The pivot did not mean D-ID abandoned its privacy roots entirely. The company continued to offer de-identification services alongside its creative tools, and the technical expertise in understanding and manipulating facial features at the pixel level directly informed the quality of its generative products.

### Growth and viral success (2021-2023)

D-ID's breakout moment came in February 2021 when MyHeritage launched the Deep Nostalgia feature powered by D-ID's Live Portrait technology. The feature, which animated faces in old family photographs, went viral on social media, particularly on TikTok, where millions of users shared videos of their deceased relatives appearing to move and look around.

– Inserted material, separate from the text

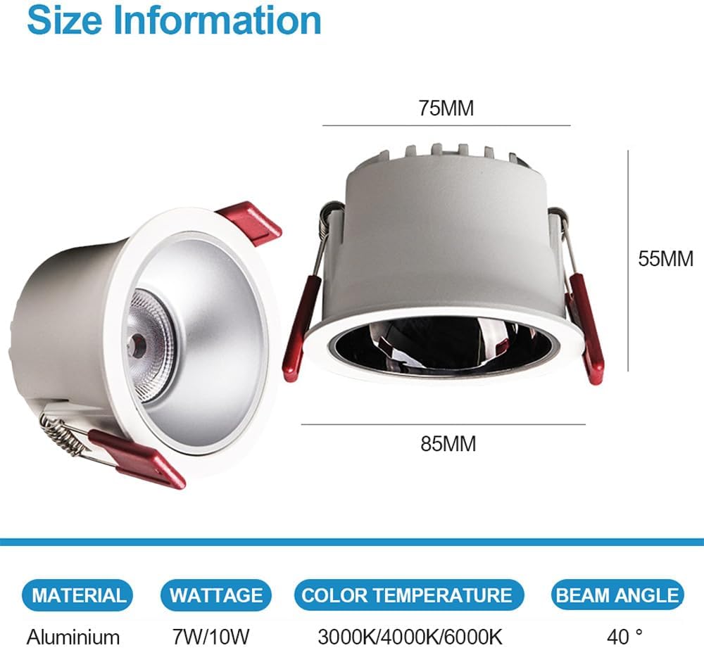 [Product Information]Material: Aluminum.Color: White/Black (as shown in the picture).Product size: (Please refer to the size chart).Diameter: 85mm, height: 55mm, cutting size: 75mm.Size conversion: 1 millimeter=0.039 inches.Light source type: LED chip.Color temperature: (3 color temperatures to choose from).White light: 6000K-6500K.Neutral light: 4000K-4500K.Warm light: 3000K-3500K.Beam angle: 40 °.Color rendering index: RA ≥ 92.Installation method: embedded.Service life: 50000 hours.Power: 7W/10W.Voltage: 90-260V.Applicable space: bar, restaurant, kitchen, study, living room, bedroom, bar, coffee shop, etc.Packing list: 1 * Downlights.

The emotional resonance of seeing long-dead family members "come to life" drove extraordinary engagement: more than 1 million photos were animated in the first 48 hours, 26 million animations were created in the first 11 days, and roughly 72 million animations had been generated within five weeks of launch [5][13]. The MyHeritage mobile app became the number one free iPhone app in the United States for seven days [13].

The viral success of Deep Nostalgia significantly raised D-ID's profile and demonstrated the consumer appeal of face animation technology. It also showed that the company's technology could handle a vast range of input image qualities, from crisp modern photographs to faded, damaged images from the 19th century.

Building on this momentum, D-ID launched the Creative Reality Studio in 2022, expanding from a technology provider (powering other companies' products) to a direct-to-consumer and direct-to-business platform. The studio made D-ID's face animation technology available to anyone through a web browser, dramatically lowering the barrier to entry for AI video creation [7].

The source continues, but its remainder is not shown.